Myanmar is a country that emphasizes its Buddhist heritage and traditional lifestyle as central to its tourism appeal. In Myanmar, being Buddhist is deeply intertwined with national identity, cultural heritage, and social life, from merit-making and temple rituals to guiding personal conduct and social norms. Buddhism in Myanmar dates back to the third century BCE when missionaries sent by the Indian Emperor Ashoka introduced Theravada Buddhism, which later became the dominant religious tradition (Aung-Thwin and Aung-Thwin, 2013). Over the centuries, Buddhism shaped the monarchy, social structure, and cultural practices, establishing a close relationship between the Sangha (monastic community) and political power. (Walton, 2016). The Buddhist politics of religious freedom also became a tool to protect race and religion (Frydenlund, 2018). Therefore, Myanmar’s tourism branding heavily leans on such Buddhist imagery to define its identity. The country has even been dubbed “The Golden Land” in tourism campaigns, a reference both to its fertile soil and unmistakably to its countless golden pagodas that dot the landscape (Jiang and Zhou, 2023).
As the video progresses, women in traditional attire, children dressed in customary clothes, and local religious figures draped in historic garb pervade the scenes. The depiction of a Philippine festive celebration from 5:34: During the more than 20-second clip, a local woman, seemingly the center of attention, dressed in intricate blue attire with a flamboyant headpiece first. Then local event participants are adorned in colorful, ornate costumes, with dancers wearing fiery red and orange costumes (see Figure 4). Many of these dances originated from rituals, royal ceremonies, or community celebrations, making them integral to the collective memory of local communities (Hughes-Freeland, 2022). Southeast Asian countries emphasize traditional dances to help reassert their cultural identity.

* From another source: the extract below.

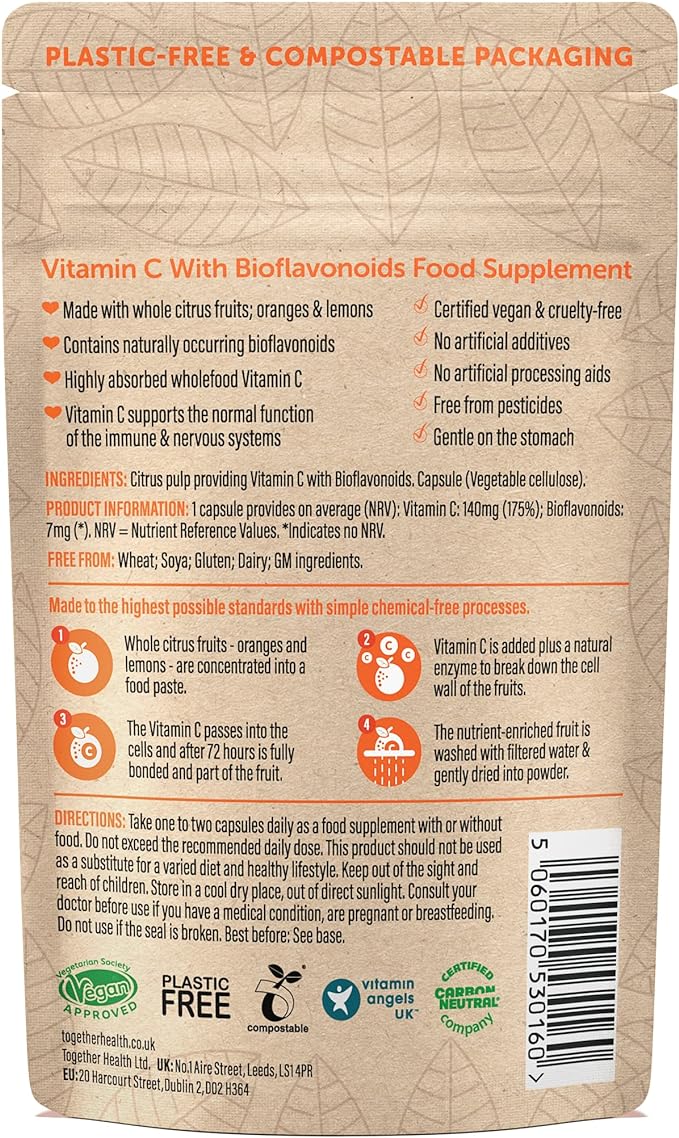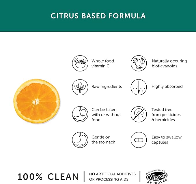 CITRUS-BASED VITAMIN C: Our Vitamin C is made with the highest quality organic citrus fruits, including juicy oranges and lemons. So our vitamin C capsules come with all the natural constituents of these fruits to improve absorption, retention and utilisation of the vitamin.

Screenshot from the tourism video in 2014 on local dancing.
However, although religious symbols and cultural traditions are intended to represent diversity and national identity, they might fall into the trope of unconscious backwardness (Echtner and Prasad, 2003). At 14:57, local religious figures with traditional clothes and places appear after a series of scenes on wild animals (see Figure 5). Such a combination can inadvertently perpetuate a view where these cultures, much like the animals, are seen as part of an undomesticated and untamed wilderness, rather than as complex societies with their own evolving histories and modernity.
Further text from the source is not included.